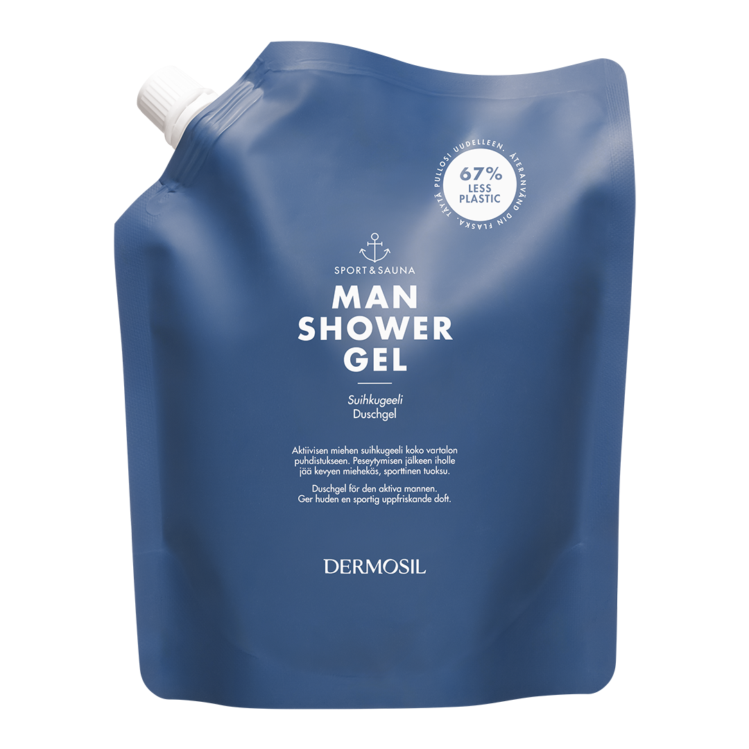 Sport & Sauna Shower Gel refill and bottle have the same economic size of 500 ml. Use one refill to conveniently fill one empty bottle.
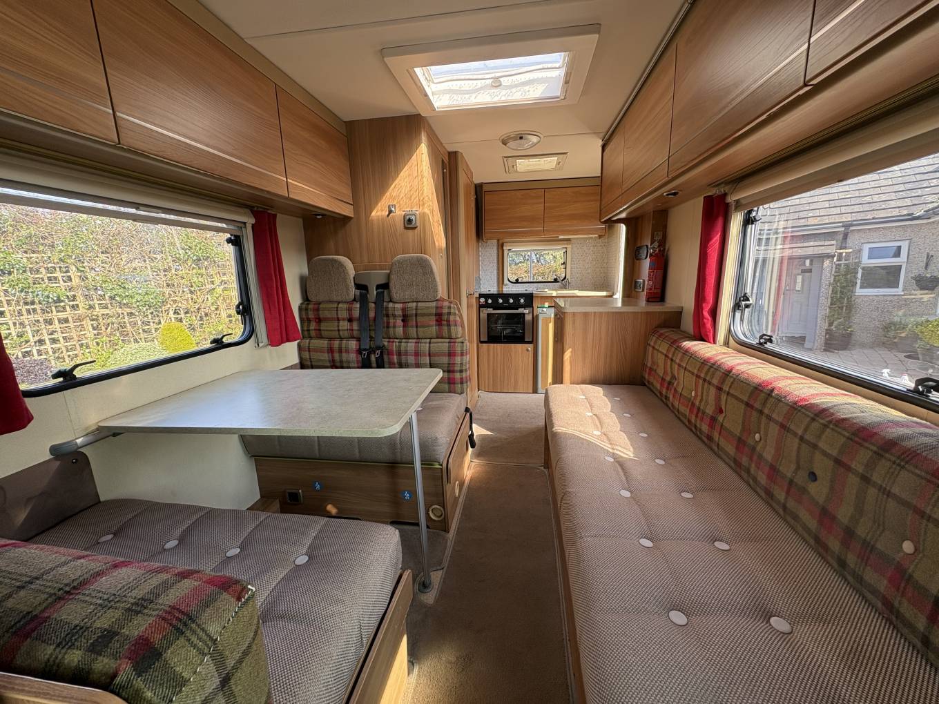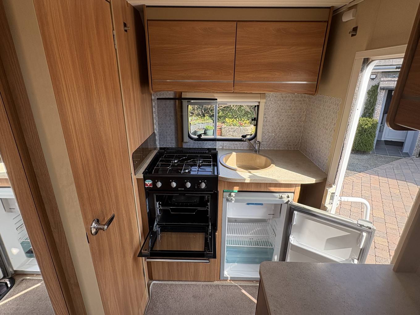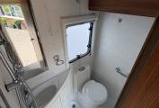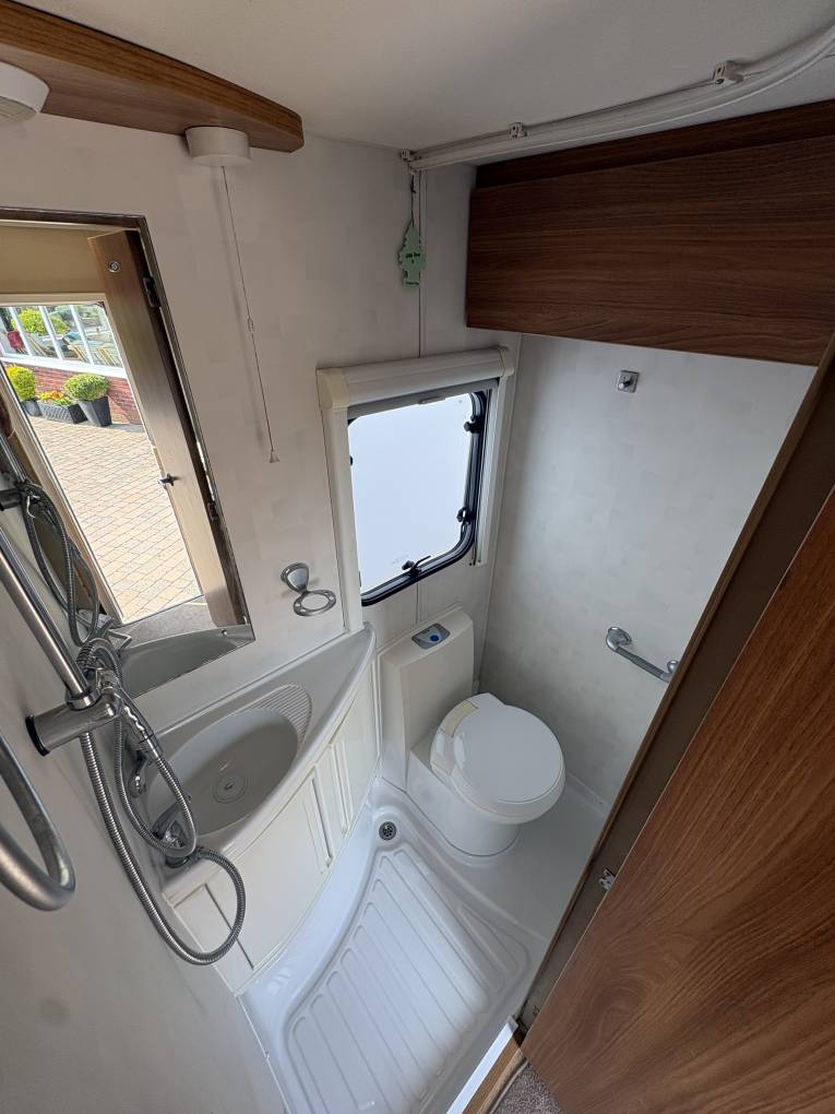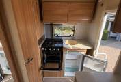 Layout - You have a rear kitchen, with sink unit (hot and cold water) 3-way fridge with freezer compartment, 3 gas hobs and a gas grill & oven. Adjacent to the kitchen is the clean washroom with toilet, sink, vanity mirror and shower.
————————
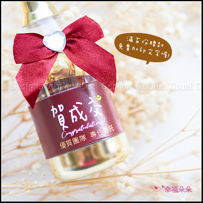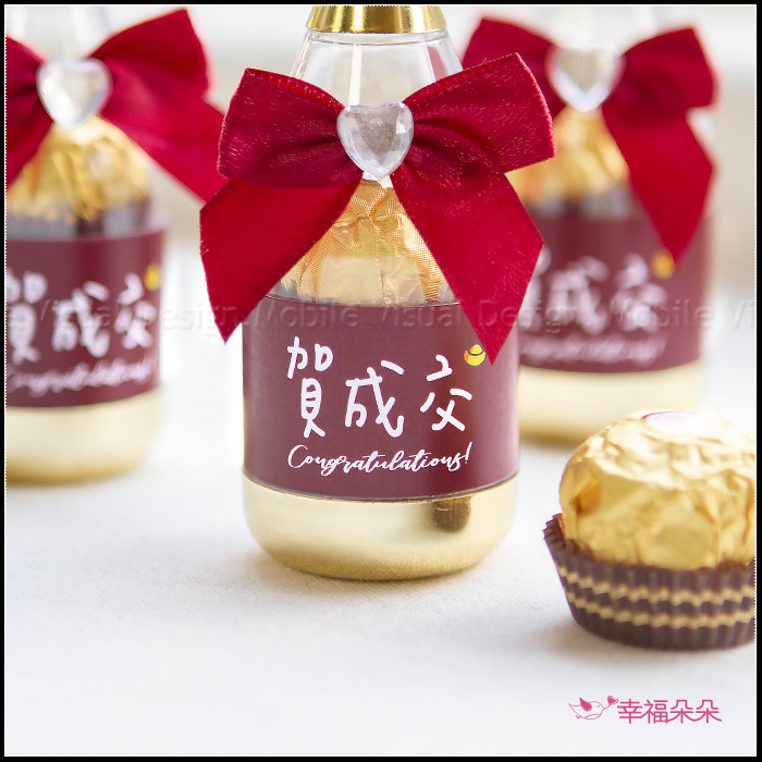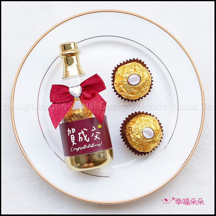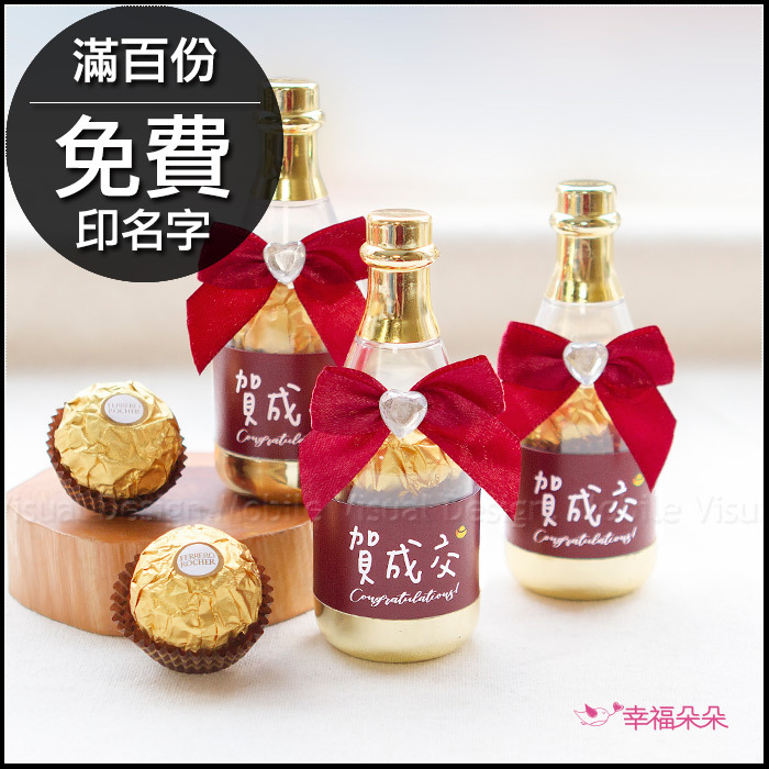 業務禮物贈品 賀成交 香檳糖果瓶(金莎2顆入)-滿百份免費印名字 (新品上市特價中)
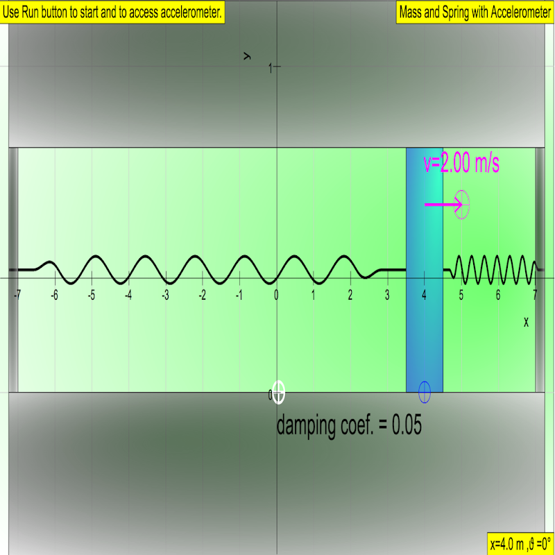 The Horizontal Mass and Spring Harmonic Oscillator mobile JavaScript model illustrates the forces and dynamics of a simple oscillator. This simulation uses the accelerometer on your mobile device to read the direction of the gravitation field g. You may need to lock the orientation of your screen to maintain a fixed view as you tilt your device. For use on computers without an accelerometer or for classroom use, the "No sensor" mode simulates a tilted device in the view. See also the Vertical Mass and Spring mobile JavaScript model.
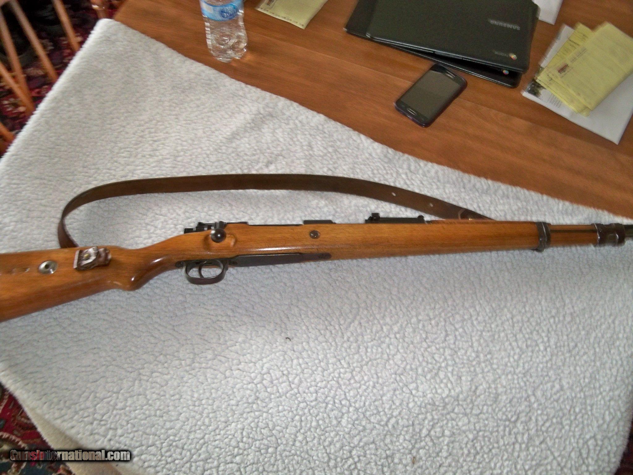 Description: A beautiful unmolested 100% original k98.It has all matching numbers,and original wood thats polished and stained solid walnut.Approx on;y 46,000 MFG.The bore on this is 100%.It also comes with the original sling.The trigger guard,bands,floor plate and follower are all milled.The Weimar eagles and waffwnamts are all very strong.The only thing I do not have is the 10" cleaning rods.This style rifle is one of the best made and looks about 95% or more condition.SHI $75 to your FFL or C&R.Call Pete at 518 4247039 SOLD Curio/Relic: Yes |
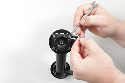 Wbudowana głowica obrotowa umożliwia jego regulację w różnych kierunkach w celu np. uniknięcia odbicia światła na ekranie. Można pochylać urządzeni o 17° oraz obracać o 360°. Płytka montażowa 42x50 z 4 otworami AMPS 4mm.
————————
> _PROBLEM DETAILS_:
Your copy should hold the lines from the one with "業務禮物贈品 賀成交 香檳糖果瓶(金莎2顆入)-滿百份免費印名字 (新品上市特價中)" up to and including the one with "Wbudowana głowica obrotowa", exactly as in the data above, and no pictures.

> _RESULT FOR THIS TASK_:
 業務禮物贈品 賀成交 香檳糖果瓶(金莎2顆入)-滿百份免費印名字 (新品上市特價中)
 The Horizontal Mass and Spring Harmonic Oscillator mobile JavaScript model illustrates the forces and dynamics of a simple oscillator. This simulation uses the accelerometer on your mobile device to read the direction of the gravitation field g. You may need to lock the orientation of your screen to maintain a fixed view as you tilt your device. For use on computers without an accelerometer or for classroom use, the "No sensor" mode simulates a tilted device in the view. See also the Vertical Mass and Spring mobile JavaScript model.
 Description: A beautiful unmolested 100% original k98.It has all matching numbers,and original wood thats polished and stained solid walnut.Approx on;y 46,000 MFG.The bore on this is 100%.It also comes with the original sling.The trigger guard,bands,floor plate and follower are all milled.The Weimar eagles and waffwnamts are all very strong.The only thing I do not have is the 10" cleaning rods.This style rifle is one of the best made and looks about 95% or more condition.SHI $75 to your FFL or C&R.Call Pete at 518 4247039 SOLD Curio/Relic: Yes |
 Wbudowana głowica obrotowa umożliwia jego regulację w różnych kierunkach w celu np. uniknięcia odbicia światła na ekranie. Można pochylać urządzeni o 17° oraz obracać o 360°. Płytka montażowa 42x50 z 4 otworami AMPS 4mm.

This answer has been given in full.